3.2. Caractéristiques générales des régimes de coupe

3.2.1. Le pôle fragile

3.2.1.1. Phénoménologie de la coupe

Dans ce mode, l'essentiel des débris est constitué de copeaux de roches discontinus (Fig. 3.5). Leur taille est très variable suivant l'application. Ils se forment lorsque la profondeur de passe est

suffisamment grande (1-2 mm suivant le type de roche). Dans ce cas, leur longueur vaut entre 1 et 10 fois la profondeur de passe.

Copeau centimétrique en

abattage minier Copeaux millimétriques en forage pétrolier (hc = 1.6 mm)

Fig. 3.5 : Débris de coupe à profondeurs de passe élevées (DELIAC, 1986 ; clichés personnels)

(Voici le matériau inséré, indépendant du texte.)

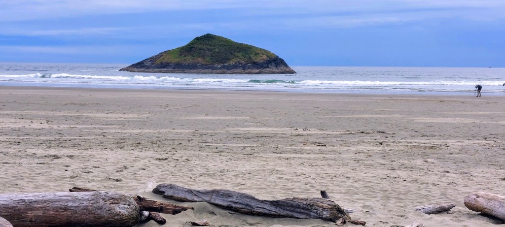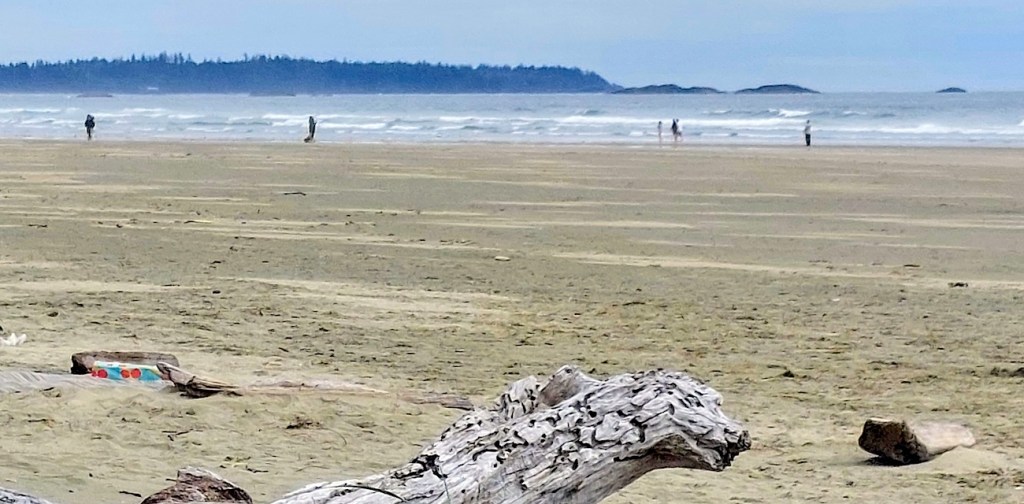 When my feet were beginning to become a bit numb and Karen had chilled sufficiently, we scuffed back through the fine, soft sand to the driftwood where Walt had been sitting, watching the surf and taking some photos. We were just in time to catch the shuttle back around and through Tofino, so we enjoyed some different scenery and got off the bus in the area of town where the very nice Co-Op grocery store provided us with the provisions we’d decided we’d need for the final week of our journey.

La genèse du copeau est décrit en trois phases par NISHIMATSU (1972) dans le cas d'essais de coupe

conduits dans un tuf (roche volcanique) et trois bétons, avec un taillant rectangulaire, d'angle de coupe négatif et pour des profondeurs de passe comprises entre 2 mm et 16 mm (Fig. 3.6) :

– la phase de broyage et compactage : une zone de roche broyée se forme localement à la pointe du taillant. Celle-ci est immédiatement recompactée sur le taillant et fait corps avec ce dernier. Cette zone, bien connue dans la coupe des métaux, porte le nom de "built-up edge" ou "zone morte". Nishimatsu la nomme "zone primaire de roche broyée" (Fig. 3.6, zone 'a') ;

– la phase de genèse de copeaux macroscopiques : à profondeur de passe suffisante, une fissure macroscopique se propage et s'appuie sur la zone primaire de roche broyée. Cela conduit à l'éjection du copeau (Fig. 3.6, volume AA'B). L'auteur précise que la fissure principale se propage sous le niveau de la saignée théorique générant une "zone de surcoupe" (Fig. 3.6, zone 'c') ;

– la phase de broyage et de genèse de poudre de roche, de grains isolés ou de petits fragments de roche saine : le taillant pénètre plus loin dans la roche et tout le matériel qui n'est pas en passe d'être éjecté sous la forme d'un copeau macroscopique est alors broyé par l'action de la zone primaire de roche broyée. L'auteur nomme ce volume supplémentaire abattu la "zone secondaire de roche broyée" (Fig. 3.6, zone 'b').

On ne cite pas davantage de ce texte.